Most women who deliver at the hospital have done much more extensive research and contemplation of which stroller model to purchase or which wallpaper border goes best with the nursery wall color.
This assertion is just as bad and as narrow-minded as the people who categorically dismiss homebirths and midwives, without even bothering to consider the reasons for wanting these things.
Some women go to the hospital because they're just not interested in homebirths. It doesn't make them shallow, or superficial, or even (*gasp*) bad mothers. It's a choice that they make - just like the choice that you made. Dismissing all of them as uneducated and superficial may do wonders for your sense of moral superiority, but is hardly fair to the women who DO deliver in hospitals.
What I am critical of is the system which tries to fit every pregnancy (low or high risk) into the same mold just as a matter of policy. And as both a physician and patient I think it is appropriate to question if things are done a certain way because it is in the best interest of the patient or if it is just part of a routine or is what always has been done.
To an extent, I agree - MOST pregnancies turn out well, without complications.
The problem that I have with proponents of home births is that it sometimes seems that they equate "low risk" with "

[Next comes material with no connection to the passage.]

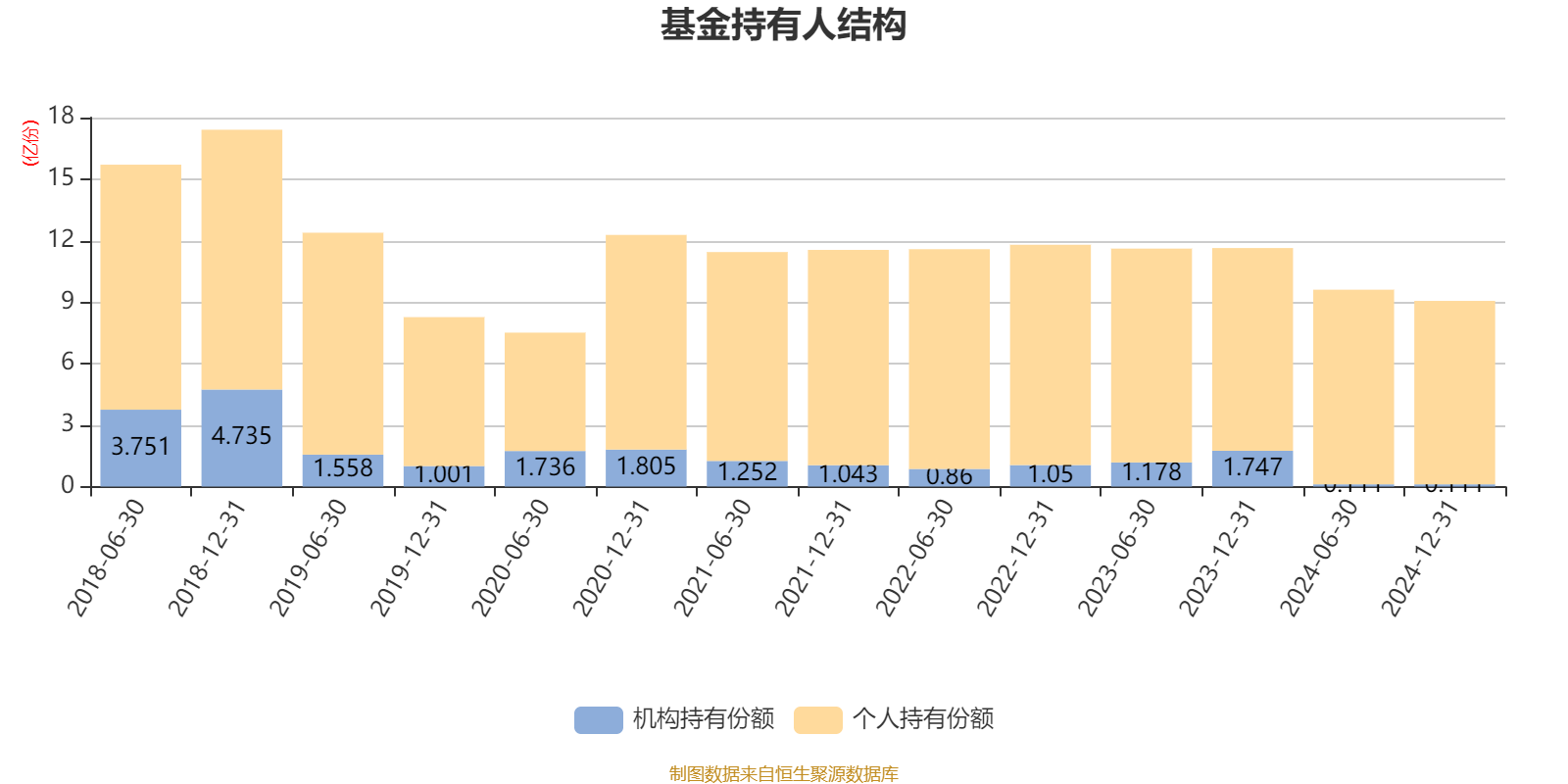 截至2024年12月31日,基金持有人共计63.5万户,合计持有9.06亿份。其中管理人员工持有253.75万份,占比0.28%,机构持有份额占比1.23%,个人投资者占比98.77%。

NO risk." And that's just not true.
As an ophthalmologist, I'm sure that many of the procedures that you offer your patients are safe and "low risk." But there's no way that you'd ever call ANY procedure "no risk" - that's just not true, and not fair to your patient.
I think it's really a difference in mindset. Most pregnant women seem pretty sure that their pregnancy will turn out well - none of them really anticipate anything bad happening. And most of them will be correct.
But I think that a lot of OB/gyns are trained to think of the "worst case scenario" - and a lot of current practice seems dictated by that mindset. But until we can turn "low risk" pregnancies into "no risk" pregnancies, then the current practice model probably isn't going to change much.
(Have you read the anesthesia forums? Some of the OB emergencies that the anesthesiologists argue about are absolutely hair raising.